BirdVox

Machine Listening for Bird Migration Monitoring

Sripathi Sridhar presents Helicality at ISMIR LBD

On October 15th, NYU student Sripathi Sridhar will present a poster by the BirdVox team to the attendees of the International Society on Music Information Retrieval (ISMIR) Late-Breaking / Demo session (LBD). We reproduce the abstract of the paper below.

 

Helicality: An Isomap-based Measure of Octave Equivalence in Audio Data

Sripathi Sridhar, Vincent Lostanlen

Octave equivalence serves as domain-knowledge in MIR systems, including chromagram, spiral convolutional networks, and harmonic CQT. Prior work has applied the Isomap manifold learning algorithm to unlabeled audio data to embed frequency sub-bands in 3-D space where the Euclidean distances are inversely proportional to the strength of their Pearson correlations. However, discovering octave equivalence via Isomap requires visual inspection and is not scalable. To address this problem, we define “helicality” as the goodness of fit of the 3-D Isomap embedding to a Shepherd-Risset helix. Our method is unsupervised and uses a custom Frank-Wolfe algorithm to minimize a least-squares objective inside a convex hull. Numerical experiments indicate that isolated musical notes have a higher helicality than speech, followed by drum hits.

 

We have uploaded the video of Sripathi’s presentation to YouTube:

 

Link to the preprint of the ICASSP paper:
https://arxiv.org/abs/2010.00673

Link to the TinySOL dataset of isolated musical notes:
https://zenodo.org/record/3685367

Link to the source code to reproduce the figures of the paper: https://github.com/sripathisridhar/sridhar2020ismir

Sripathi Sridhar presents “Learning the helix topology of musical pitch” at IEEE ICASSP

In May 2020, NYU student Sripathi Sridhar presented a new paper by the BirdVox team to the attendees of the IEEE International Conference on Acoustics, Speech, and Signal Processing (ICASSP). We reproduce the abstract of the paper below.  
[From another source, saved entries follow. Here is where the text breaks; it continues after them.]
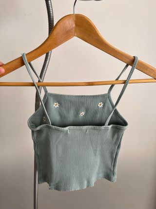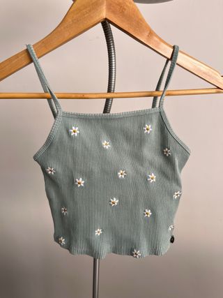 Top de tirantes con un bonito estampado de flores. - Diseño acanalado. - Tirantes finos. Es talla M pero sirve también como talla S y XS (es muy pequeño pero estira)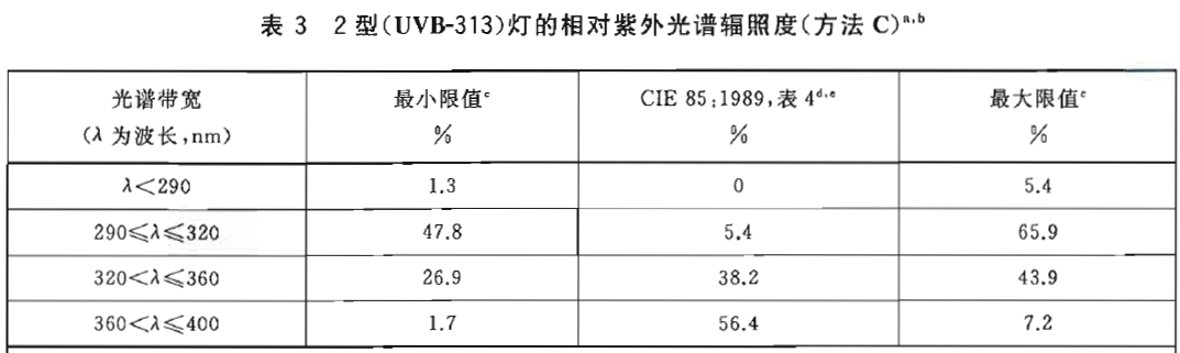 注 1:2型(UVB-313)燈有在313nm水銀線出現(xiàn)峰值的光譜分布并且會(huì)發(fā)射低于λ=254nm的輻射,這會(huì)引發(fā)在最終使用環(huán)境中不會(huì)出現(xiàn)的老化過(guò)程。
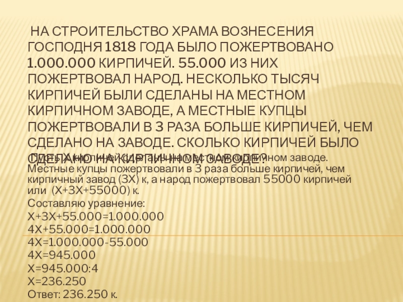 Пусть Х кирпичей сделаны на местном кирпичном заводе. Местные купцы пожертвовали в 3 раза больше кирпичей, чем кирпичный завод (3Х) к, а народ пожертвовал 55000 кирпичей или (Х+3Х+55000) к.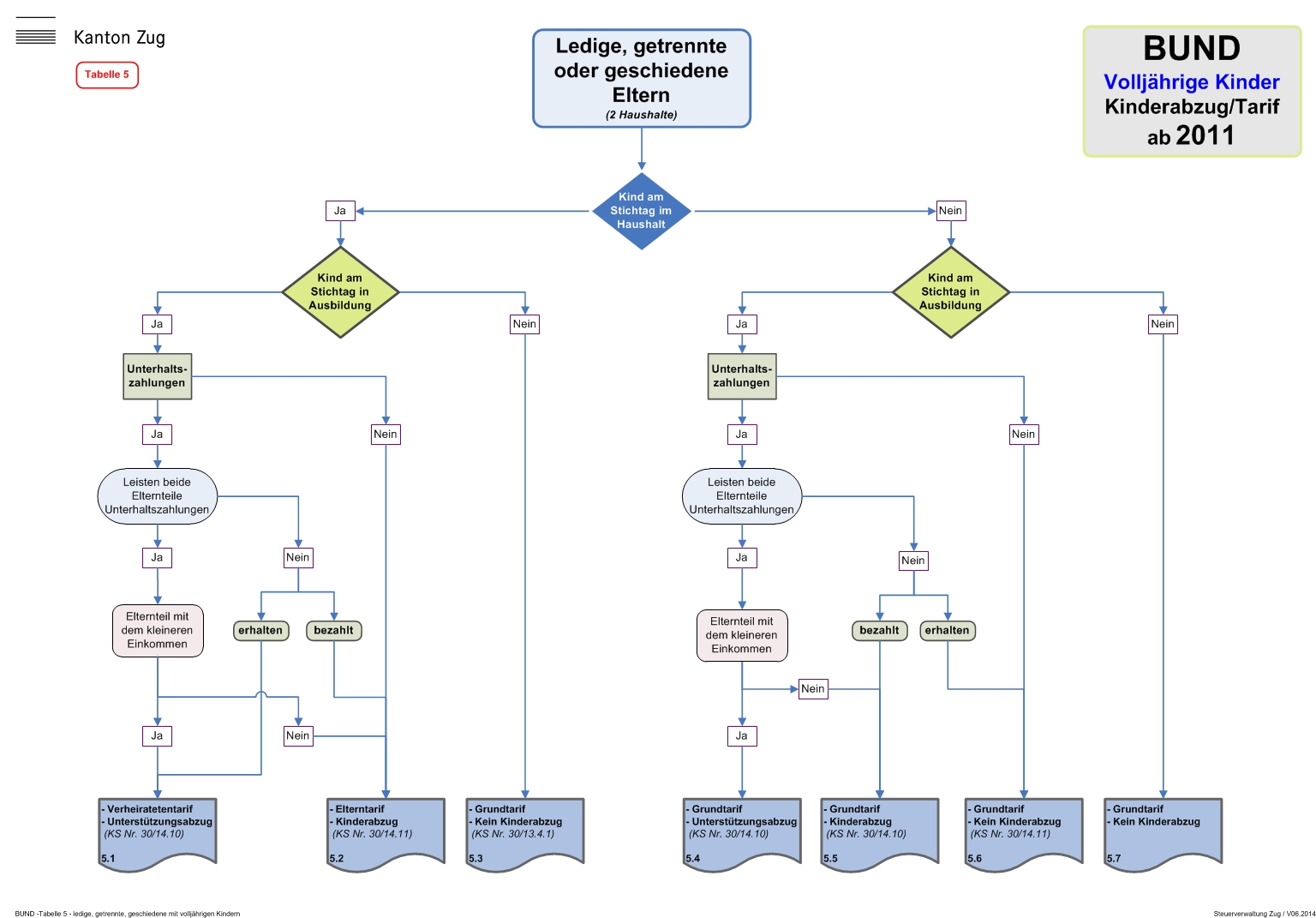 In den nachfolgenden Tabellen werden anhand der verschiedenen Familienkonstellationen die massgebenden Beurteilungskriterien im Zusammenhang mit der Gewährung des Kinderabzuges und der Festlegung des anwendbaren Tarifs im Detail aufgeführt.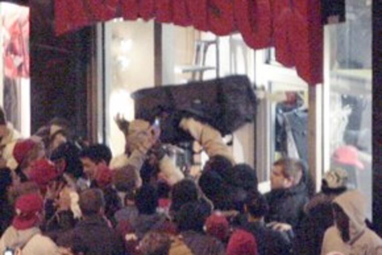Though the crowds were generally more joyous than rowdy, there was also unruly behavior, including some looting and cars being overturned.By midnight, crowds were ebbing in most sections of the city, except for south of City Hall, near Walnut and Broad Streets, where the celebration turned ugly. A car was set afire, and a luggage store was looted before police intervened. Firefighters turned a hose on some revelers, who were preventing them from reaching trash can blazes. Around 12:40, two buses full of police in riot gear arrived on the scene.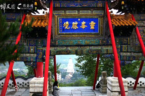 沿一百零八級(jí)石階登高,按照佛家的說(shuō)法,就把人間的一百零八種煩惱踩在腳下了。置身牌樓下,手撫門柱,回身四望,遠(yuǎn)處的山,山上的云,近處的清水河,雄壯多姿的寺廟建筑群,都收入眼中,深感“靈峰勝境”四個(gè)字點(diǎn)得妙。這里,是很好的登高覽勝的觀景點(diǎn)。一九四八年春,黨中央機(jī)關(guān)從延安開赴河北省西柏坡,途中路過(guò)五臺(tái)山,陳毅同志作詩(shī)道:“本不游五臺(tái),迂道時(shí)日緊,至今有余歡,曾踏菩薩頂?!?/p>

Learning the helix topology of musical pitch.

Vincent Lostanlen, Sripathi Sridhar, Andrew Farnsworth, Juan Pablo Bello.

To explain the consonance of octaves, music psychologists represent pitch as a helix where azimuth and axial coordinate correspond to pitch class and pitch height respectively. This article addresses the problem of discovering this helical structure from unlabeled audio data. We measure Pearson correlations in the constant-Q transform (CQT) domain to build a K-nearest neighbor graph between frequency subbands. Then, we run the Isomap manifold learning algorithm to represent this graph in a three-dimensional space in which straight lines approximate graph geodesics. Experiments on isolated musical notes demonstrate that the resulting manifold resembles a helix which makes a full turn at every octave. A circular shape is also found in English speech, but not in urban noise. We discuss the impact of various design choices on the visualization: instrumentarium, loudness mapping function, and number of neighbors K.

 

We have uploaded the video of Sripathi’s presentation to YouTube: 

 

 

The preprint of the ICASSP paper can be found at:
https://arxiv.org/abs/1910.10246

The TinySOL and SONYC-UST dataset can be downloaded on Zenodo:
https://zenodo.org/record/3685367

https://zenodo.org/record/3873076

The source code to reproduce the figures of the paper can be cloned from GitHub: https://github.com/BirdVox/lostanlen2020icassp

Jason Cramer presents TaxoNet at IEEE ICASSP

On May 5th, 2020, PhD candidate Jason Cramer presented a new paper by the BirdVox team to the attendees of the IEEE International Conference on Acoustics, Speech, and Signal Processing (ICASSP).

We reproduce the abstract of the paper below.

 

Chirping up the right tree: Incorporating biological taxonomies in deep bioacoustic classifiers

Jason Cramer, Vincent Lostanlen, Andrew Farnsworth, Justin Salamon, Juan Pablo Bello

Class imbalance in the training data hinders the generalization ability of machine listening systems. In the context of bioacoustics, this issue may be circumvented by aggregating species labels into super-groups of higher taxonomic rank: genus, family, order, and so forth. However, different applications of machine listening to wildlife monitoring may require different levels of granularity. This paper introduces TaxoNet, a deep neural network for structured classification of signals from living organisms. TaxoNet is trained as a multitask and multilabel model, following a new architectural principle in end-to-end learning named “hierarchical composition”: shallow layers extract a shared representation to predict a root taxon, while deeper layers specialize recursively to lower-rank taxa. In this way, TaxoNet is capable of handling taxonomic uncertainty, out-of-vocabulary labels, and open-set deployment settings. An experimental benchmark on two new bioacoustic datasets (ANAFCC and BirdVox-14SD) leads to state-of-the-art results in bird species classification. Furthermore, on a task of coarse-grained classification, TaxoNet also outperforms a flat single-task model trained on aggregate labels.

 

We have uploaded the video of Jason’s presentation to YouTube:

 

The preprint of the ICASSP paper can be found at: http://www.justinsalamon.com/uploads/4/3/9/4/4394963/cramer_taxonet_icassp_2020.pdf

 

The BirdVox-ANAFCC dataset can be downloaded on Zenodo:
https://zenodo.org/record/3666782#.XxG5LJNzS1s

 

The source code for the TaxoNet deep learning system can be cloned from GitHub:
https://github.com/BirdVox/birdvoxclassify

Kendra Oudyk presents “Matching human vocal imitations to birdsong” at VIHAR workshop

We are happy to announce that our article: “Matching human vocal imitations to birdsong: An exploratory analysis” is featured in the proceedings of the 2nd international workshop on Vocal Interactivity in-and-between Humans, Animals, and Robots (VIHAR).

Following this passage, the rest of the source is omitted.